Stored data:
※

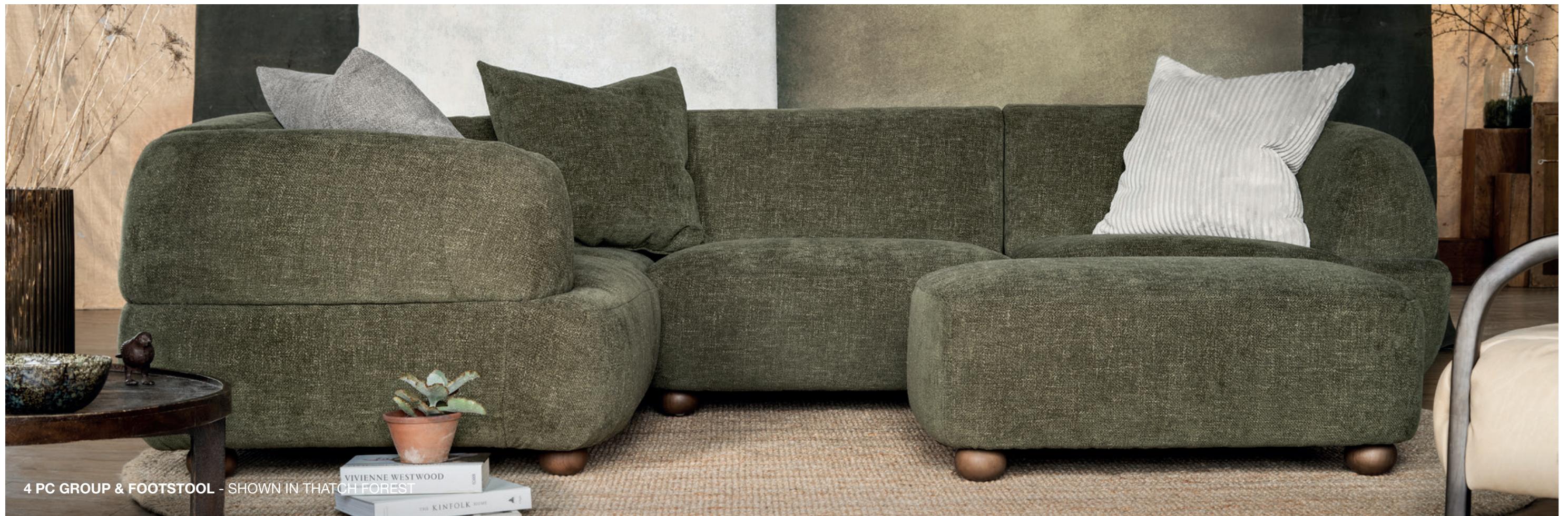
4 PC GROUP & FOOTSTOOL - SHOWN IN THATCH FOREST

Bubble's clean lines and scale create a strong profile which balances nicely with the playful curves and soft shape, combining with minimal seam detailing and fun spherical solid timber feet for a super smooth, uninterrupted, sculpted look.
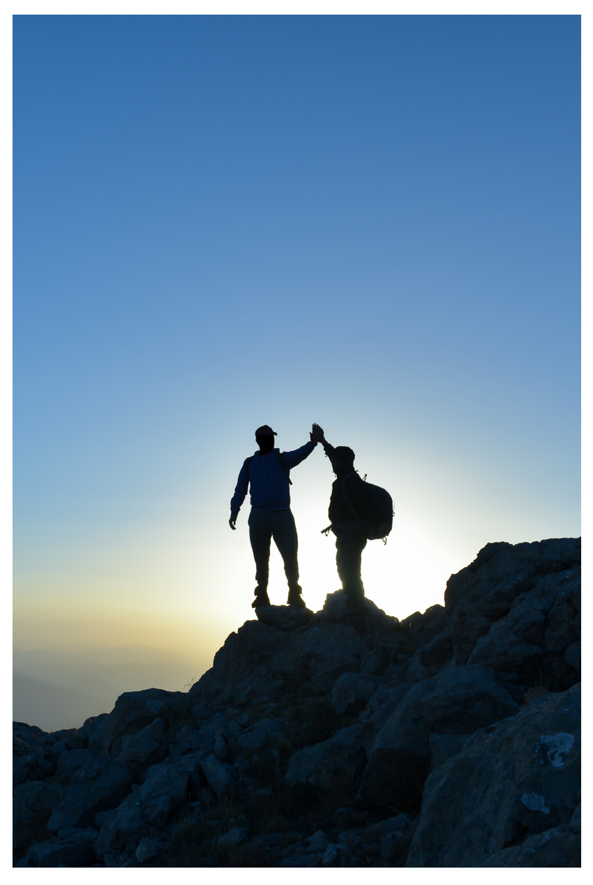
For a world of applications, today and tomorrow.
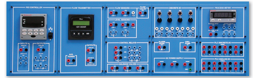
T5552A Control Panel

The T5552A features three types of controllers on its control panel: relay control for automatic on/off liquid level control, the PID controller for variable electronic control of either liquid level or flow, and PLC control for both on/off and PID control of the system. These controllers allow learners to practice process control procedures using both automatic and manual controls.
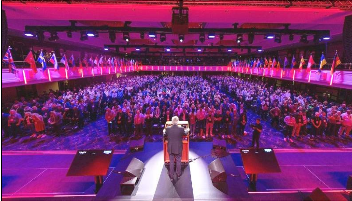
Taküm May ita nung Germany yimtiba, Berlin nung Billy Graham Evangelistic Association (BGEA)-i ayongzükba European Congress on Evangelism senden nung BGEA Tir, Franklin Graham-i jembidang tangokba noksa nung angur.

October 17, 2025: Alima nung tang tashi Khrista osangtajung mangashidangba nütsüng aika aliba regions nung Khrista osang proktsü nükjidong nung Billy Graham Evangelistic Association (BGEA)-i 2027 küm August 24-27 anogotem nung Sydney, Australia nung Asian-Pacific Congress on Evangelism ayongzüksü.
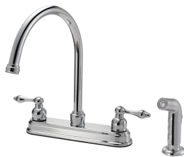
Item#ABP184340C-S Hybrid waterway 8 inch center require 3 or 4 faucet hole to install 1.8 GPM flow rate at 60 psi 1/4 turn washerless cartridge Metal desk and handle Optional with or without spray Chrome finish UPC & CUPC Lead free certificated
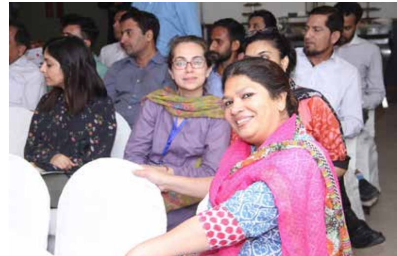
The session's participants left with renewed optimism and increased motivation
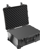
1560WF With Foam
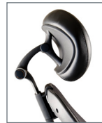
H5 Dual Pivot 1 back only
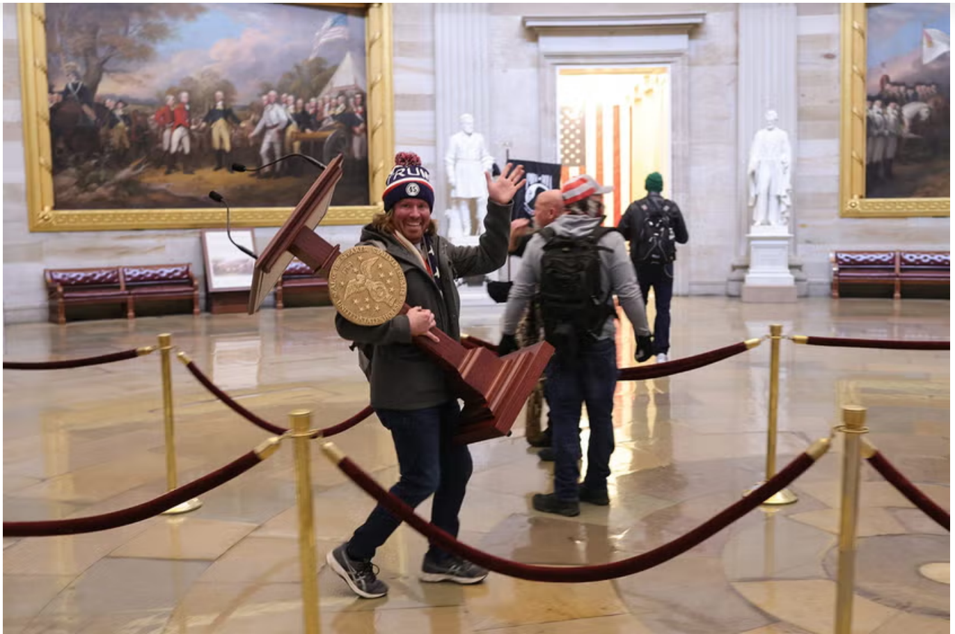
A smiling supporter of Donald Trump holds a Speaker podium inside the Capitol and waves at photographers.
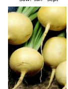
TURNIP Chivas' Orange Jelly 500 seeds £1.80 Sow: Jul - Sept
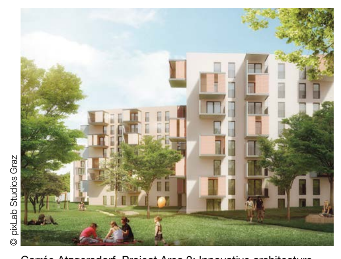
Carrée Atzgersdorf, Project Area 2: Innovative architecture and ample green spaces

The "Carrée Atzgersdorf" developers' competition (23<sup>rd</sup> municipal district) was concluded in early 2017. Roughly 1,200 mostly subsidised rental flats, premises for shops – including a medical practice and a six-group kindergarten – will be built on the competition site, which extends over approx. 61,500 square metres. The focuses were on the creation of facilities spanning several lots, e.g. a play street, a forecourt, a playground for younger kids and teens as well as a central open space with a communal house.
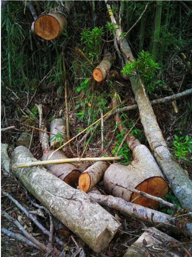
USDA Caribbean Climate Hub
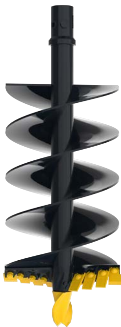
Double Flight Auger

Double flighting at the head with single flighting along the shaft.
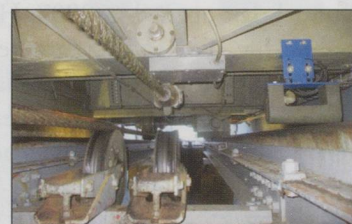
ABOVE RIGHT: The manoeuvring and moving parts of the two passenger cars are checked every day!
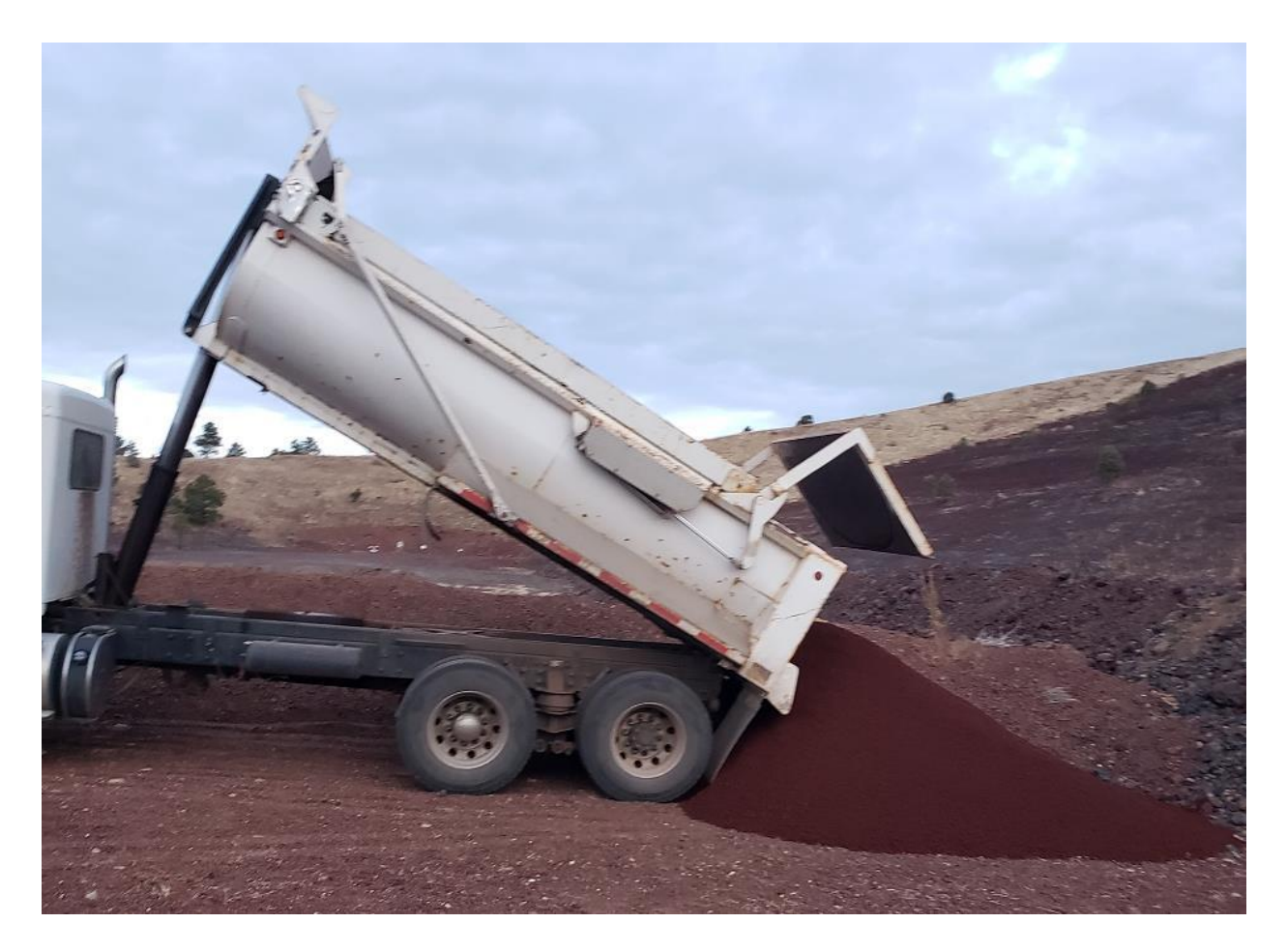
The first of four loads – totaling approximately 50 cubic yards of fine cinder material.

The load above was for the 25 yard Pistol impact berm.
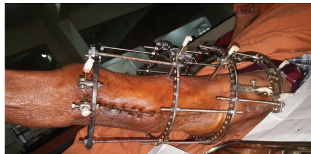
Fig. 3: Post-operative image after Ilizarov ring external fixator.
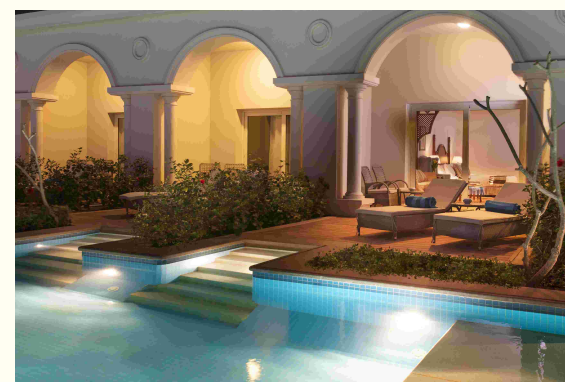
Experience luxury glamor at the Palace
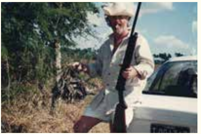
Quail Shooting Cuba '93
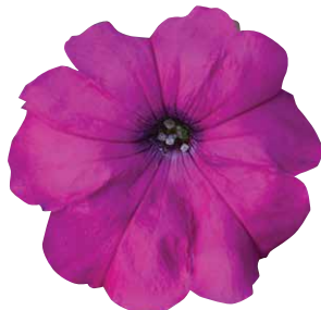
Lo Rider Violet
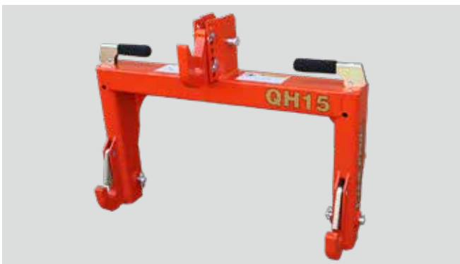
Land Pride Quick Hitch
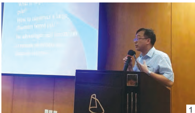
1 The 2nd CPD talk in Macau on 20 August 2015

In order to help members learn more about BIM, the BIM Sub-committee completed four BIM training courses over eight consecutive Saturdays during July and August. Over the past few months, four BIM CPD talks were also completed. Due to the overwhelming response, the BIM CPD talk entitled "Will BIM Replace QS" has been organised again for 25 November. Members who missed the first BIM CPD talk on 29 June are encouraged to register for this one as soon as possible.
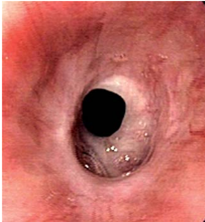
► Fig. 1 Nonulcerated esophageal stricture in the lower part of the esophagus.

A 25-year-old man presented with a history of dysphagia after corrosive ingestion. Upper gastrointestinal (GI) endoscopy revealed a stricture in the lower esophagus (► Fig. 1 ), which persisted after repeated sessions of endoscopic dilatation. As a rescue treatment, a fully covered self-expandable metallic stent, 18 mm in diameter, was placed in the lower esophagus. To prevent slippage and migration of the stent, a novel technique was used to fix the stent to esophageal wall (► Video 1 ). The proximal end of the stent was fixed to the esophageal wall with clips. The procedure was performed under moderate sedation with Propofol. After submucosal injection with normal saline (stained with indigo carmine) at the proximal end of the stent, a vertical mucosal incision of 1 cm was made with a triangular tip knife (► Fig. 2 ), and the mucosa distal to the incision was fixed to the stent by application of a hemoclip (► Fig. 3 ). Two clips were applied, one each at the 12 and 6 o'clock position, which fixed the stent to the esophageal wall (► Fig. 4 ). The whole procedure was well tolerated without any complication. After 4 weeks of follow-up, the stent was in situ and the patient asymptomatic.
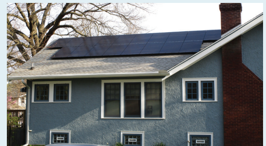
5.10kW array installed on residence as part of Solar Urbana Champaign 2.0 Group Buy.
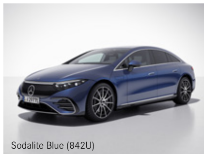
Sodalite Blue (842U)
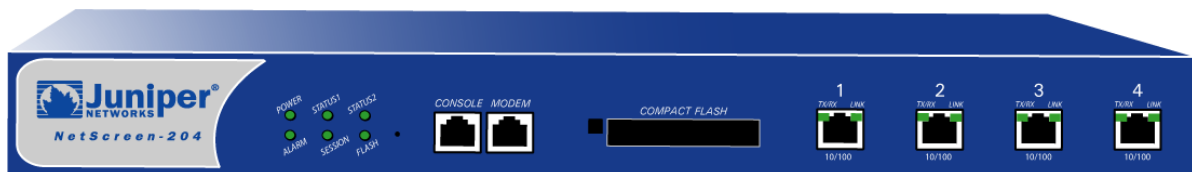
Figure 1: Front of the NetScreen-204 device
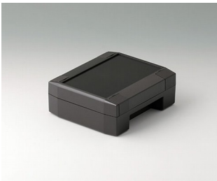
C8011131 SOLID-BOX 115 PC+ABS (UL 94 V-0) anthracite grey RAL 7016 135x115x50mm IP 66, IP 67, IK 08
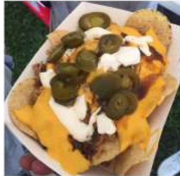
Pulled Pork Nachos
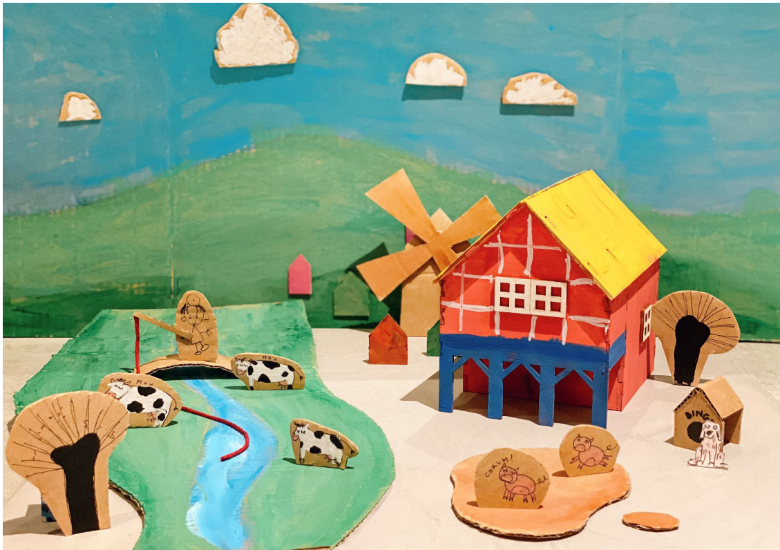
Fig. 5. Additional landscape elements in the work created during online workshops.

Thus, Komorowska's observations that issues related to landscape and regionalism constitute a small part in relation to the whole range of content taught in primary school (Komorowska, 2008) seem to be still valid, but as the analysis of the conducted informal activities showed – there is a possibility to expand in the field of cultural landscape education during other, additional classes.
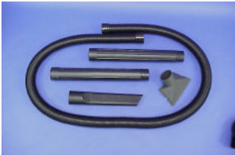
2.5" Standard tool kit

The following parts are contained in the carton: - 1 x Camvac 286W Vacuum, 1 x Wall Mounting Bracket and, if ordered, 1 x 2.5" Standard Tool Kit (includes 1 x 2.5" diameter x 2.5m Long Flexible Hose, 1 x Extension Tubes (pair), 1 x Utility Nozzle (square tool) and 1x Crevice Tool. A 2.5" Full tool kit comprises of a 2.5" standard tool kit plus 1 x 2.5" floor tool and 1 x 2.5" round dusting brush.
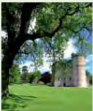
CASTLE FRASER Part of Scotland's Castle Trail Inverurie AB51 7LD

Non-NTS: GlenDronach Distillery; Huntly Castle (HS)
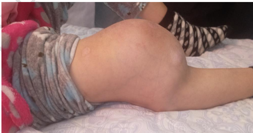
Figure 1: side view of the knee shows effusion

On clinical examination, we found a short statue of 135cm, partial functional impotency, knee swelling without any inflammatory signs, an internal and posterior-anterior laxity of the knee, patellar burying, a positive patellar shock; a painless gentle active and passive mobilization of the knee with a normal vascular-nervous examination.
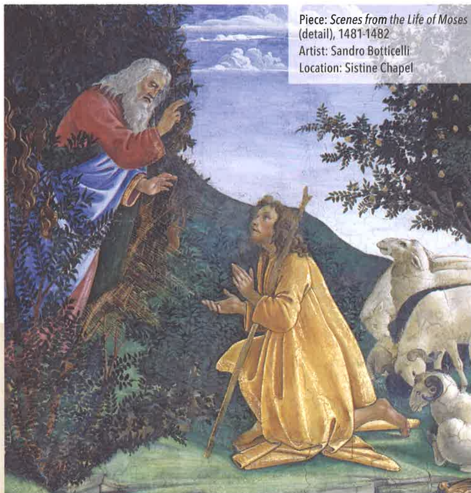
Piece: Scenes from the Life of Moses (detail), 1481-1482
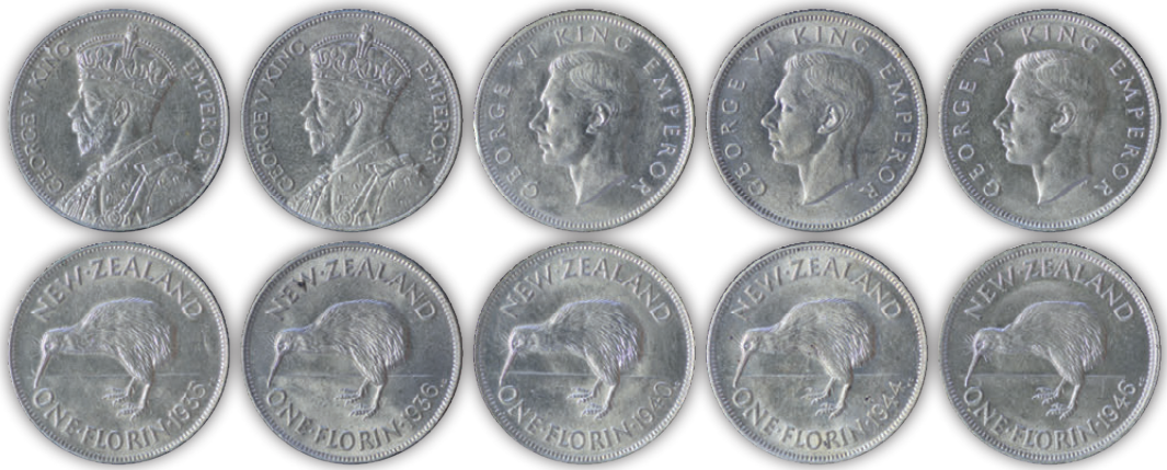
Lot 353 Reduced

※

> _EXERCISE INSTRUCTIONS_
Each line between the one holding "A smiling supporter" and the one holding "Land Pride Quick Hitch", inclusive, should be copied exactly as it appears above, and pictures should be omitted.

> _YOUR SOLUTION_
A smiling supporter of Donald Trump holds a Speaker podium inside the Capitol and waves at photographers.
TURNIP Chivas' Orange Jelly 500 seeds £1.80 Sow: Jul - Sept
Carrée Atzgersdorf, Project Area 2: Innovative architecture and ample green spaces

The "Carrée Atzgersdorf" developers' competition (23<sup>rd</sup> municipal district) was concluded in early 2017. Roughly 1,200 mostly subsidised rental flats, premises for shops – including a medical practice and a six-group kindergarten – will be built on the competition site, which extends over approx. 61,500 square metres. The focuses were on the creation of facilities spanning several lots, e.g. a play street, a forecourt, a playground for younger kids and teens as well as a central open space with a communal house.
USDA Caribbean Climate Hub
Double Flight Auger

Double flighting at the head with single flighting along the shaft.
ABOVE RIGHT: The manoeuvring and moving parts of the two passenger cars are checked every day!
The first of four loads – totaling approximately 50 cubic yards of fine cinder material.

The load above was for the 25 yard Pistol impact berm.
Fig. 3: Post-operative image after Ilizarov ring external fixator.
Experience luxury glamor at the Palace
Quail Shooting Cuba '93
Lo Rider Violet
Land Pride Quick Hitch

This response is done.